Before moving to Denton in his early 20s, Tame … Tame and Quiet drummer Jason Flynn and his friends filmed a bunch of random stuff on Super-8 and video. Now, a couple of decades later, he is using that old footage as the basis for O. Deletron, a Pavement-esque project produced with the help of TTxQ singer-guitarist Aaron Bartz.
“We were just trying a little experiment to see if we could write a story to a video,” said Flynn, who composed and recorded demos for each of the videos before showing them to Bartz, who then wrote the lyrics.
Flynn’s videos are scratchy, faded, and superimposed over themselves, cutting rapidly between moments of motion and stasis. They spin and flash and bleed into one another like drunken memories, their secret narratives cast with characters who grin beatifically from the safety and innocence of forgotten haircuts and first apartments, past cemeteries, joggers, and station wagons of indeterminately ancient vintages. Bartz’ laconic melodies float over the lazy jangle of reverberating guitars and hypnotic snare fills, and the aural/visual effect is like observing a half-remembered dream.

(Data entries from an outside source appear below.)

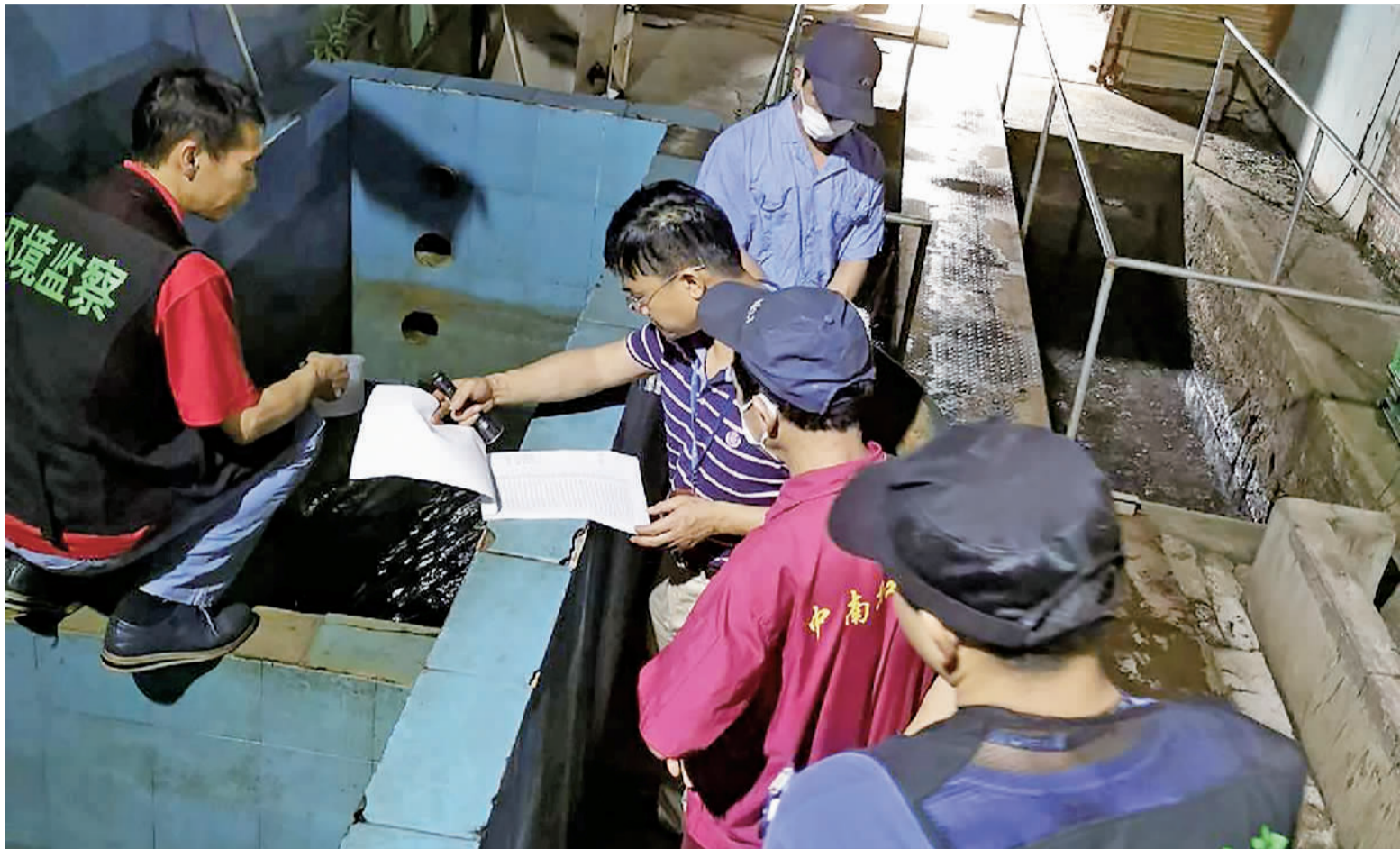
■狮山环保执法人员夜间巡查企业环保情况。

多级联动执法一般会联动公安机关进行线索排查,快速处理涉嫌环境犯罪案件。“今年我们有3宗环境涉刑线索移交公安立案,公安对我们的支持力度很大。”狮山镇环保办相关负责人表示,“有一次我们监测到河涌污染,经排查赶到现场时,犯罪嫌疑人已逃跑。”根据现场查获的一些线索,公安持续追查了2个月,最终在外地将2名犯罪嫌疑人抓获。 法网恢恢,疏而不漏。在多级联动的精准打击下,“生态狮山”建设将迎来新飞跃。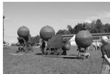
Stahlwerkwerk von Luginbühl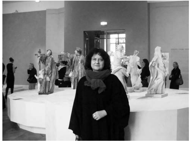
Іл. 15. На відкритті виставки Пінзеля в Луврі, 2012-й рік замок — 2004 р.; Музей модерної скульптури Михайла Дзиндри — 2009 р.; Музей мистецтва та історії Жидачівської землі (задум та розпочаті роботи Б. Возницького, відкрили у 2014 р.).

Завдяки його натхненній і героїчній праці історія українського мистецтва поповнилася численними сторінками, саме йому ми завдячуємо збереженням національної культурної спадщини більше п'ятдесяти тисяч унікальних врятованих пам'яток. Це врятовані ним усі віднайдені 32 скульптури Івана Георга Пінзеля, створений у 2000 р. та діє музей цього унікального скульптора 18 ст.; Каплиця Боїмів — 1967 р. [9]; Музей мистецтва староукраїнської книги — 1975 р.; Олеський замок — 1975 р.; Музей-садиба Маркіяна Шашкевича — 1993 р.; Музей найстаріших пам'яток м. Львова — 1994 р.; Підгорецький замок — 1980—1995; П'ятничанська вежа — 1996 р.; Музей Теодозії Бриж — 2000 р.; Палац Потоцьких (Європейське мистецтво 14—18 ст.); Мистецько-історичний сектор «Жовківський замок» — 2003 р.; Музей-меморіал гетьмана Івана Виговського — 2004 р.; Золочівський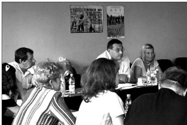
Nawet imprezy hip-hopowe muszą zacząć się od dobrej organizacji i poważnych rozmów

rzy festiwalu, uczestnicy promo-grupy „PROmashine”. – Zorganizowaliśmy tą imprezę, żeby pokazać, kim jesteśmy i zapoznać naszą młodzież z rapowymi zespołami z innych miejscowości i krajów. Ale do zrealizowania tej idei potrzebne były niemałe pieniądze, których raperzy nie posiadają. Pomogło nam Kaliningradzkie Centrum Wspierania Inicjatyw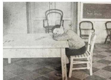
Imágenes del libro "Alto educación pedagogía científica" de María Montessori.

Las múltiples pedagogías fueron diseñando, a través de su desarrollo, los descubrimientos y conclusiones que realizaban entonces las ciencias, algunas incipientes, como la psicología, la antropología y la sociología, aportando saberes que significaban en la educación. Las diferentes propuestas educativas que surgieron entonces estructuraron la relación tanto de niños y niñas con los adultos, como los espacios específicos para la enseñanza y los recursos didácticos a utilizar.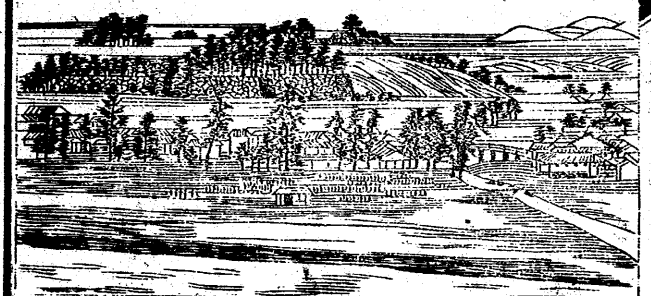
津山市中東南部ノ圖

餘ノ人 郡中西南ノ地ハ、田園稍 闊ケテ山少ナリ 津山ハ、津山川ニ沿ヒテ 三等國道ノ衝ニ當リ、國 ノ中央部ニ位シテ、市井 頗ル繁盛ナリ、戸數四千 二百四十、人口一萬四千 百八十餘アリ、 津山ノ北、西一ノ宮村ニ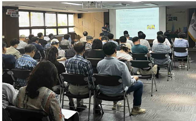
2023.09.11. 송파구 재건축·재개발 등 정비사업 조합장 및 임원 교육 개최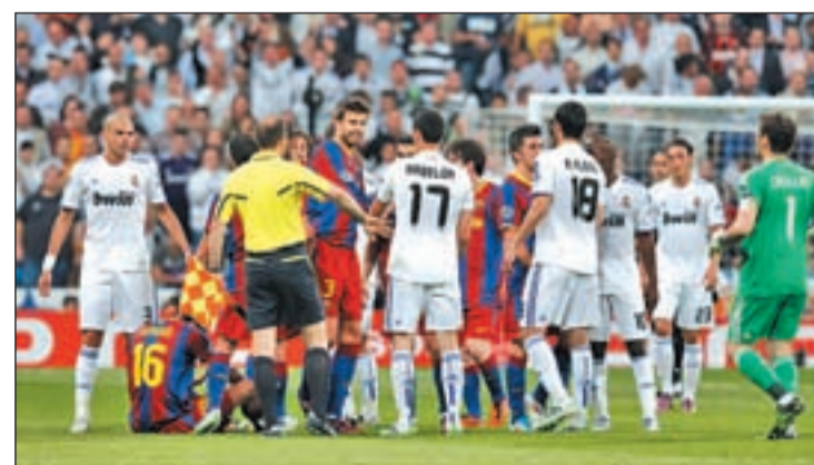
Los caminos de los dos grandes vuelven a cruzarse en el torneo del KO

Para este primer encuentro, José Mourinho tendrá la baja del sancionado Álvaro Arbeloa, expulsado ante el Málaga, y casi con toda seguridad deberá también hacer frente a la ausencia del centrocampista alemán Sami Khedira, lesionado.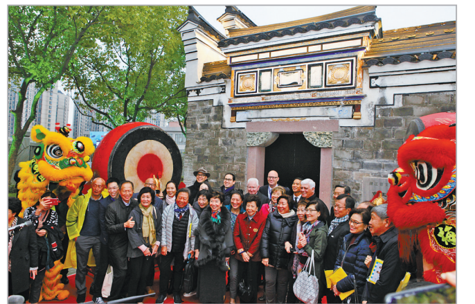
包玉刚故居开馆仪式

包玉刚故居是宁波帮建筑的典型代表之一，2017年被浙江省人民政府列为省级文物保护单位。作为宁波帮的杰出代表，“世界船王”包玉刚在这里出生、成长。为了充分保护和阐释包玉刚故居作为宁波帮文化遗产的价值内涵，宁波帮博物馆于2018年对故居建筑开展专业性修缮，在保护原有历史风貌和建筑格局的基础上，更新完善了各项软硬件设施，并融入了主题鲜明的展览，通过“包氏一脉”“船王之路”“厚德传世”系统展示包玉刚的生平事迹，展现包氏家族传承的优良祖训家风。包玉刚故居的修缮启用和主题馆开馆，不仅得到了包玉刚家族后人和海内外包氏亲属的认可，还获评国家3A级旅游景区，成为众多甬城市民参观、打卡的目的地，是基于名人故居进行宁波帮文化遗存阐释的一次成功尝试。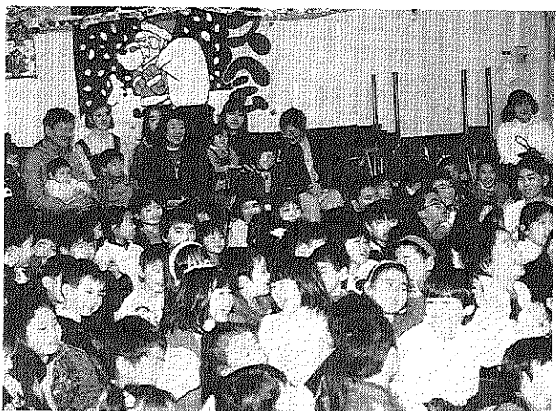
(上) 団地ファミリー運動会 (下) クリスマス会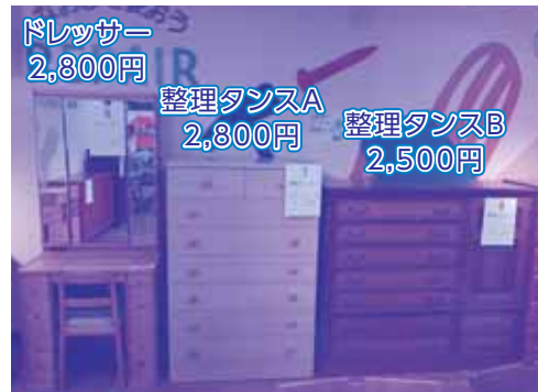
ドレッサー 2,800円 整理タンスA 2,800円 整理タンスB 2,500円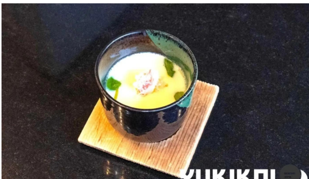
Qi dainingu Yue Cha Wan Zheng shi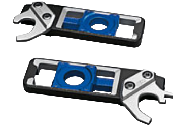
10 Montaj standı yuvası olan M zincir gergisi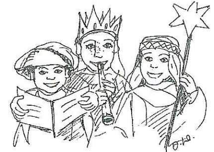
Die Sternsinger kommen

Schneeflocken, die vorwitzig auf deiner Nase tanzen, lassen dich jener liebenswerte Mensch sein, der du in der Tiefe deines Inneren bist.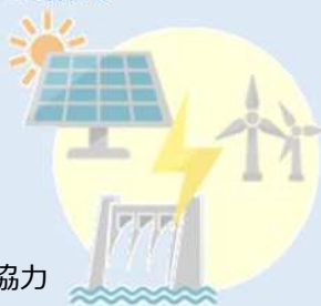
エネルギー活用への協力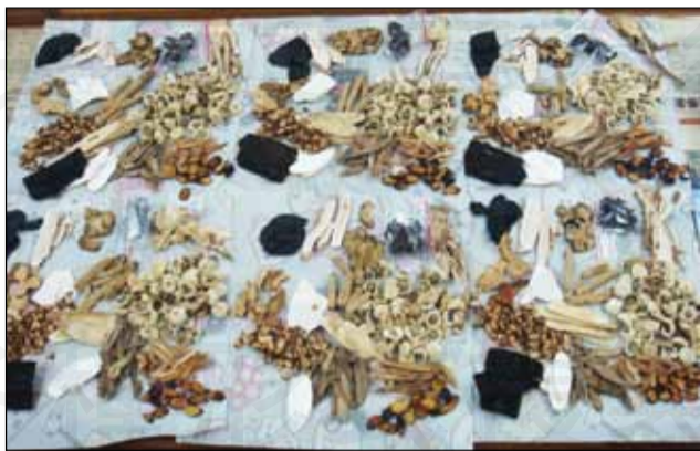
↑藥膳包是藥師切入中藥執業領域的簡易入門項目，秋冬來了，藥師投入中藥執業領域正是時候。

過去，中藥的執業普遍存在父傳子、親族教導親族，不對外指導的運作模式。即使是國考合格的藥師，若家族無人從事中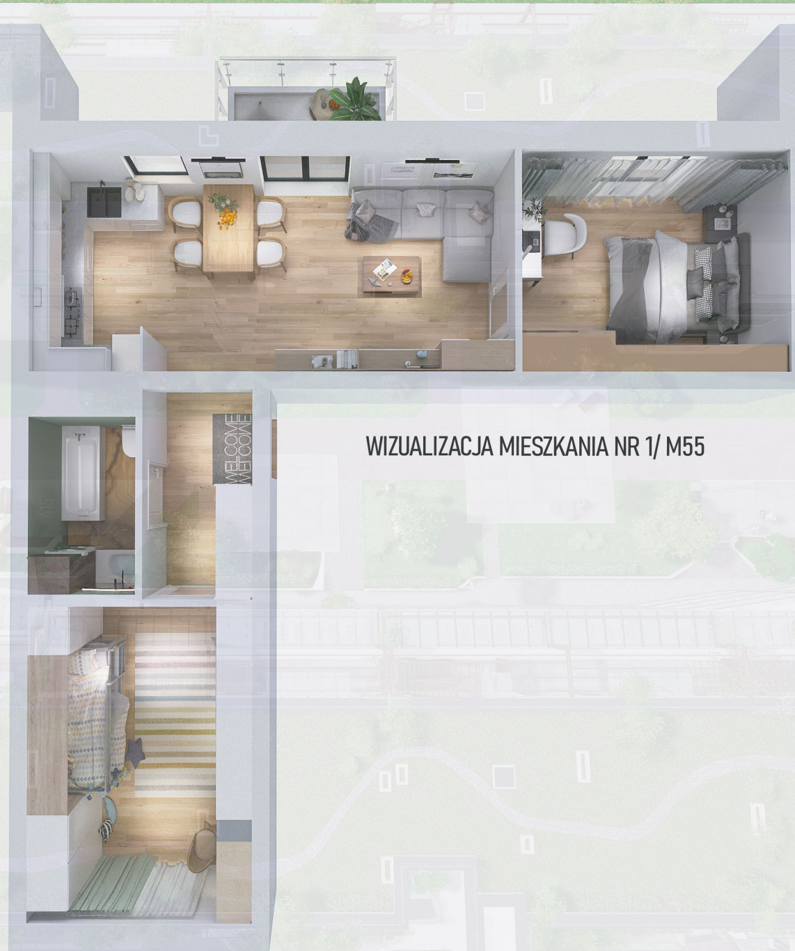
WIZUALIZACJA MIESZKANIA NR 1/ M55

Niniejszy projekt przedstawia przykładową aranżację. Mieszkania sprzedawane są w stanie deweloperskim bez wyposażenia. Podane wymiary są poglądowe i mogą ulec zmianie na etapie projektu wykonawczego i realizacji. Powierzchnie są liczone w świetle murów z warstwami wykończeniowymi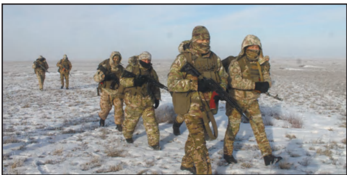
ТОПТАРДЫҢ ҰЗАҚ ҚАШЫҚТЫҚТАҒЫ ҚОЗҒАЛЫСЫ 3 - бетте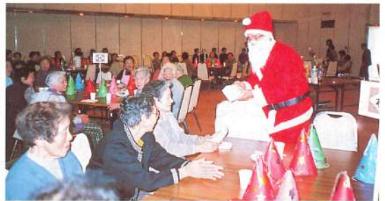
▶クリスマス会でサンタさんからプレゼント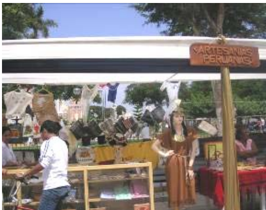
Artesanías Peruanas en Ferreñafe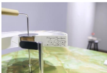
2019 年蓮沼昌宏(Masahiro Hasunuma)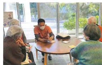
講演前のサイン会の様子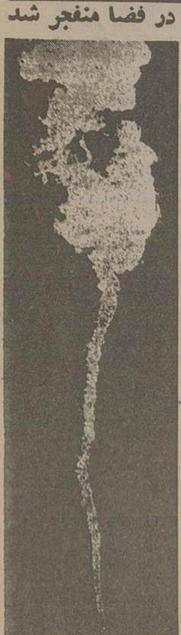
موشک «اورن ایل» آمریکا که قرار بود بهایه پرتاب شود در فضا منفجر شد

در اینفوته رژه دستجات مختلف حزب ملیون از برابر شمال شاهنشاه که در بالای عمارت شرقی میدان قرار داشت آغاز شد. در مراسم رژه مزبور آقای دکتر آقبال نخست وزیر و رهبر حزب ملیون و چندتن از آقایان وزراء حضور داشتند. آقای دکتر آقبال از ساعت ۹ و نیم میدان ۲۸ مرداد آمده بود. در تمام مدت رژه مأمورین انتظامی حزب نظم معوهه میدان ۲۸ مرداد بقیه در صفحه سیزدهم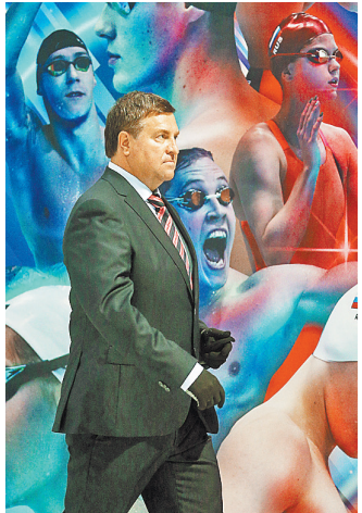
Владимир Сальников уверен, что наша сборная сможет выйти на пик формы к Олимпиаде в Токио.

ВЛАДИМИР САЛЬНИКОВ: К организации — никаких претензий. Чемпионат России удалось провести с соблюдением всех мер безопасности и на должном уровне. На трибунах присутствовали зрители, но их было немного из-за ограничений. Хочу отметить, что Дворец водных видов спорта в Казани удобно сконструирован: есть возможность разделить потоки. Зрители не пересекались со спортсменами, располагались на дальних трибунах. А места ближе к чае бассейна занимали сами пловцы и тренеры. Что касается результатов, то я остался доволен. Было установлено много рекордов страны и юношеских мировых рекордов.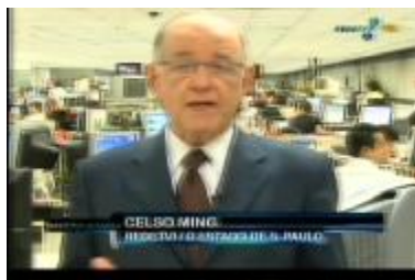
Figura 19: Comentarista em PA posicionado fora do estúdio, em outro espaço geográfico ( Rede TV News/10.05.10 )

Apesar de, nessa sequência, não funcionar a simulação de conversa, a direção da fala do apresentador para o público nos coloca, curiosamente, num lugar mais próximo em comparação com a cena anterior do Jornal da Globo , na qual, à primeira vista, pensa-se que o efeito de participação é maior. Como foi visto, o bate-papo forjado entre os apresentadores da Globo nos exclui da condição de participante, mesmo enquanto mero interlocutor, provocando distanciamento do dito, enquanto nessa cena do Rede TV News , apesar da tentativa de bate-papo não funcionar, pois é nítido o fato de a inserção ser pré-gravada e de o comentarista não interagir com a pergunta do apresentador, provoca-se um maior sentido de diálogo com a audiência, conformado, obviamente, por posições distanciadas. Ainda que numa posição hierarquicamente inferior ao da autoridade, o espectador é chamado a atuar enquanto interlocutor e não simplesmente como observador de uma conversa alheia.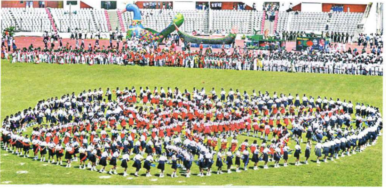
Physical display exhibited by the students of Bharateswari Homes at the Bangabandhu National Stadium on Independence and National Day was one of the main attractions to the spectators

ভারতেশ্বরী হোমসের ছাত্রীরা (জুনিয়র গ্রুপ) শরীর চর্চা প্রদর্শন করে প্রশংসা অর্জন করে।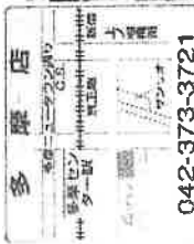
多摩センター店外観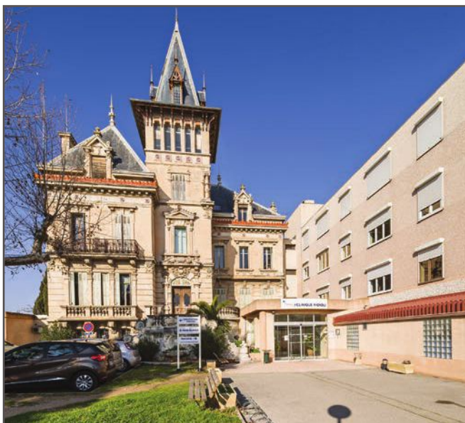
La clinique Vignoli accueille un centre de la main.

Un nouveauté, très spécifique, qui vient renforcer l'offre de soins de haute qualité et de proximité proposée aux patients du territoire. «Cette nouvelle activité s'inscrit dans la dynamique du Village santé qui rassemble la Clinique Vignoli et l'Hôpital du pays salonnais et complète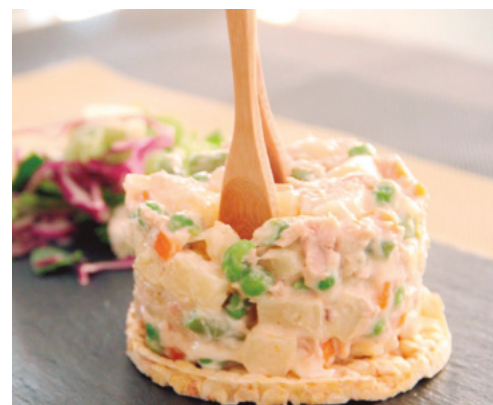
970105 · 1 bd / 1.300 g Ensaladilla Rusa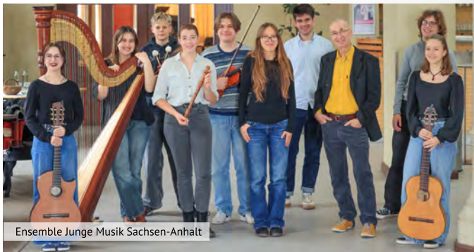
Ensemble Junge Musik Sachsen-Anhalt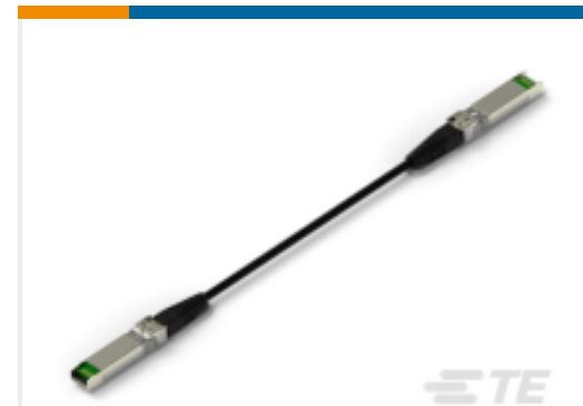
TE 系列/零件编号 2821224-8 SFP28 DIRECT ATTACH CA, 5M, 26AWG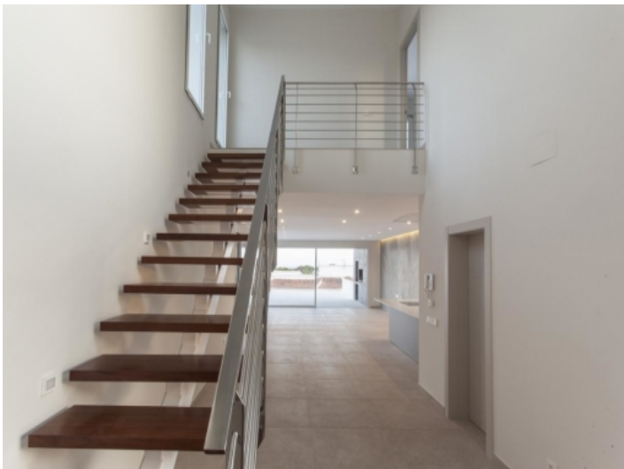
Treppe, die zum 1. Stock führt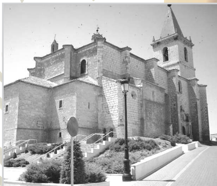
Iglesia del Salvador de La Roda.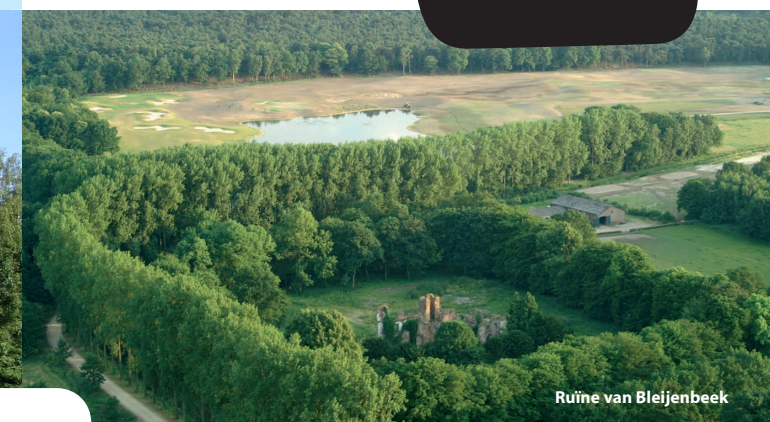
Ruïne van Bleijenbeek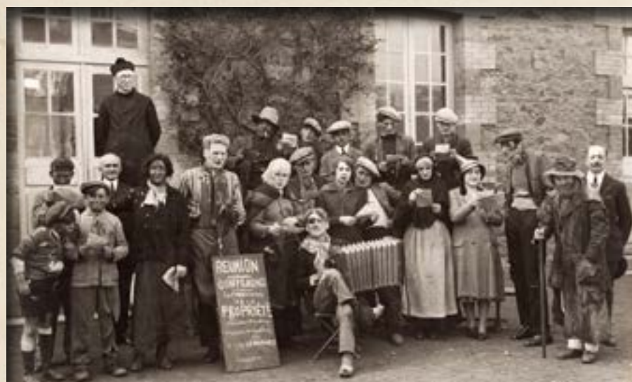
La section théâtre avant la 2 e Guerre mondiale.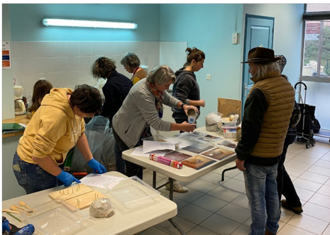
Atelier de fabrication de nichoirs à hirondelle animé par la LPO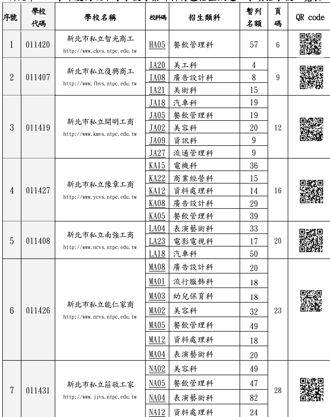
新北市 107 學年度高級中等學校專業群科特色招生甄選入學續招學校一覽表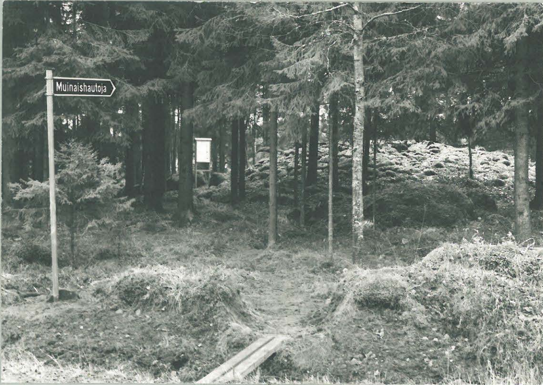
PELTONNAN ALATALON RÖYKELEIÖITÄ TIETÄÄ INFORMAATIO TAULU PAIKALLAAN KOKAK - 93

Flynn originally hails from the Midwest, but he’s lived in Denton for almost 25 years. His resume reads like a festival roster of classic Denton indie bands: Jetscreamer, Raised by Tigers, History at Our Disposal, and Ox Combine. The list is long and borders on the arcane. But like many projects engendered in Denton, O. Deletron’s lineup is essentially a supergroup, composed of players who have been mainstays in the Denton and Fort Worth music scenes for a couple of decades. BULLS’ Ricky Del Toro plays drums, Flynn contributes guitar, former Spiral Sound bassist (and Fort Worth Weekly contributor) Patrick Higgins provides the low end, Thomas Horton of the Ways and Means plays keys, and Tyler Walker (whom Flynn refers to as a “Denton guy like me who’s been in a million bands”) provides “noisy keyboards and samples,” while TTxQ’s bassist Jeff Williams plays guitar.
Bartz is fronting O. Deletron, but unlike other projects in which he’s played guitar or bass, he’s only singing.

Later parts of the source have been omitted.